How Hoodoo magic works is by working with the spirits of roots, herbs, insects, calling ancestors, and other spirits to activate the work for manifestation. Contact with ancestors or other spirits of the dead is an important practice within the conjure tradition, and the recitation of psalms from the Bible is also considered spiritually influential in Hoodoo. Due to Hoodoo's great emphasis on an individual's spiritual power to affect desired change in the course of events, Hoodoo's principles are believed to be accessible for use by any individual of faith.  Hoodoo practice does not require a formally designated minister.

Offerings
The West and Central African practice of leaving food offerings for deceased relatives and to feed the spirits either ancestors or petition other spirits that are not ancestors by giving them offerings of food, water, or rum (whiskey) continues in the practice of Hoodoo. Providing spirits offerings of libation empowers the spirits because it feeds them. Also it honors the spirits by acknowledging their existence. These offerings of food and liquids and the pouring of libations are left at gravesites or at a tree. This practice of offerings and libations is practiced in the Central African country of Gabon and other parts of Africa and was brought to the United States during the transatlantic slave trade.

Commonly Used in Hoodoo
Conjure can be made using many things or nothing at all. At times there are items commonly used in Hoodoo if need be. "Fast Luck" and "Red Fast Luck"  an herbal scrub is used to bring luck into stores or a persons life. "Essence of Van Van" and "Fast Scrubbing Essence" are mixtures of one to thirteen oils containing herbs such as cinnamon, wintergreen, lavender, and so forth. Colors are also important in Hoodoo to conjure different results the person is looking for. For example, "Red, for victory. Pink, for love (some say for drawing success). Green, to drive off (some say for success), Blue, for success and protection (for causing death also), Yellow. For money, Brown, for drawing money and people."

Divination 

Divination in Hoodoo originated from African practices. In West-Central Africa, divination was (and is) used to determine what an individual or a community should know that is important for survival and spiritual balance. In Africa and in Hoodoo, people turn to divination seeking guidance about major changes in their life from an elder or a skilled diviner. Conjure doctors diagnose illnesses and determine treatments using divination. This practice was brought to the United States during the transatlantic slave trade and was later influenced by other systems of divination.

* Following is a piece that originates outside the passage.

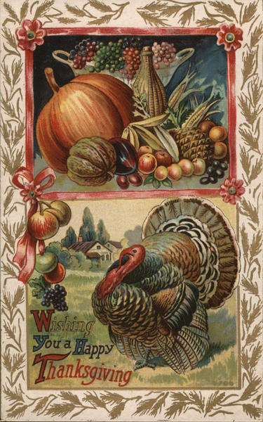 Front: 's Wishing You a Happy Thanksgiving 35 Back: DE THIS SPACE MAY BE USED AND CANADA, FOREIGN, TWO CENTS.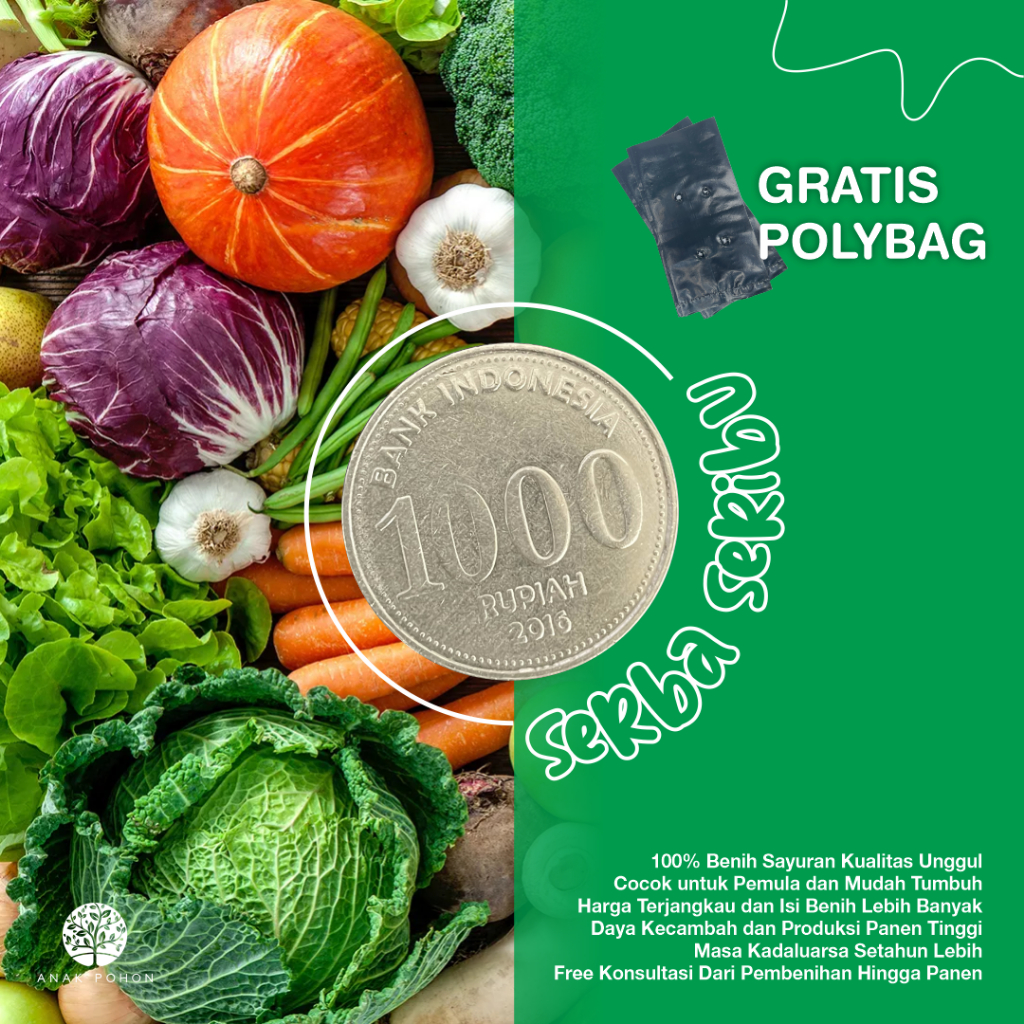 SERBA SERIBU - Benih Bibit Biji - Paket Benih Sayuran DAUN Termurah Terlaris Kangkung Sawi Selada Seledri Bayam Daun Bawang Kemangi Kol Brokoli - BONUS POLYBAG

There are several forms of divination traditionally used in Hoodoo.

Astrology
Practitioners sometimes incorporate planetary and elemental energies in their spiritual work (spells). Rootworkers in Indiana trained under African-American astrologers in black communities. Numerology is also used in Hoodoo and combined with astrology for spiritual works. African-Americans in Indiana (in the 1980s into present day) combine numerology, astrology, African mysticism and Voodoo and Hoodoo creating a new spiritual divination practice and system of magic unique to African-Americans. For example, Nat Turner took the sign of an eclipse of the sun as a sign from God to start his slave revolt in Southampton County, Virginia in 1831.

Augury
The practice of Augury is deciphering phenomena (omens) that are believed to foretell the future, often signifying the advent of change. Before his rebellion, Nat Turner had visions and omens from spirit to free the enslaved through armed resistance. In African American communities a child born with a caul over their face is believed to have psychic gifts to see spirits and see into the future. This belief in the caul on a baby's face brings psychic gifts was found in West Africa in Benin (Dahomey). After the baby is born, the caul is taken off the baby's face and is preserved and used to drive away (or banish) ghosts. It is believed a child born at midnight will have second sight or extrasensory perception about events.

Cartomancy
Cartomancy is the practice of using Tarot and poker playing cards to receive messages from spirit. This form of divination was added later in Hoodoo. There are some Hoodoo practitioners that use both.

Cleromancy
Cleromancy is the practice of casting small objects such as shells, bones, stalks, coins, nuts, stones, dice, and sticks for an answer from spirit. The use of bones, sticks, shells and other items is a form of divination used in Africa and in Hoodoo in the United States.

Domino divination
Rootworkers also divine with dominoes.

Oneiromancy
Oneiromancy is a form of divination based upon dreams. Former slaves talked about receiving messages from ancestors and spirits about impending danger or advice about how to save money. Harriet Tubman believed her dreams were given to her from God on how to rescue her family from slavery on the Underground Railroad. Tubman told biographers she had dreams flying over fields which let her know where to go and where the safe places were to hide freedom seekers.

Walking boy
The walking boy was a traditional form of divination practiced by African Americans on slave plantations, and the practice continued after chattel slavery. A conjurer would take a bottle and tie a string to it and place a bug inside the bottle. The conjurer pulled the bottle as the bug moved. What ever direction the bug moved inside the bottle the conjurer knew where a spell bottle was buried that caused misfortune or where the person lived who buried the bottle.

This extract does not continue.